• _Supplied material_:
★ ★ ★ ★ ★ ★ ★

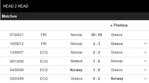 Thống kê đối đầu Na Uy vs Hy Lạp
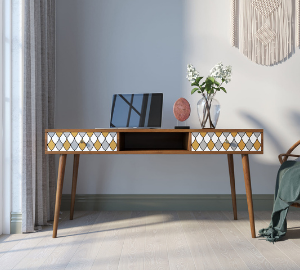 Благодаря изящным высоким ножкам, мебель визуально не загромождает пространство. Габариты столешницы при этом довольно внушительны (150х75 см). Фасады ящиков декорированы геометрическим рисунком. Стол Berber можно также заказать с любым принтом по вашему выбору. Рисунок наносится безопасными УФ-чернилами.
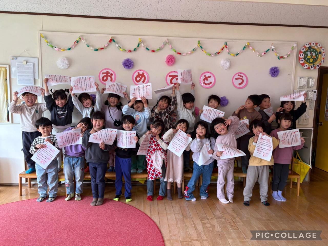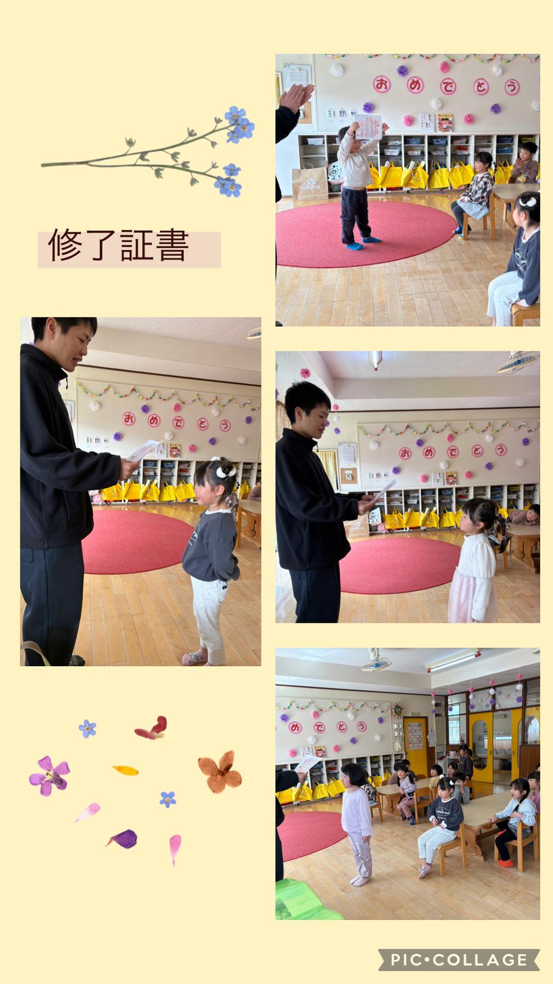 最後に修了証書を渡しました。ひまわりさんのように名前を呼ばれると元気に返事をしたり礼をして証書をもらうことができました。とってもかっこよかったですよ!

★ ★ ★ ★ ★ ★ ★

• _Task description_:
Copy all the lines of data exactly as they appear, dropping any images.

• _Solution for this problem_:
 Thống kê đối đầu Na Uy vs Hy Lạp
 Благодаря изящным высоким ножкам, мебель визуально не загромождает пространство. Габариты столешницы при этом довольно внушительны (150х75 см). Фасады ящиков декорированы геометрическим рисунком. Стол Berber можно также заказать с любым принтом по вашему выбору. Рисунок наносится безопасными УФ-чернилами.
 最後に修了証書を渡しました。ひまわりさんのように名前を呼ばれると元気に返事をしたり礼をして証書をもらうことができました。とってもかっこよかったですよ!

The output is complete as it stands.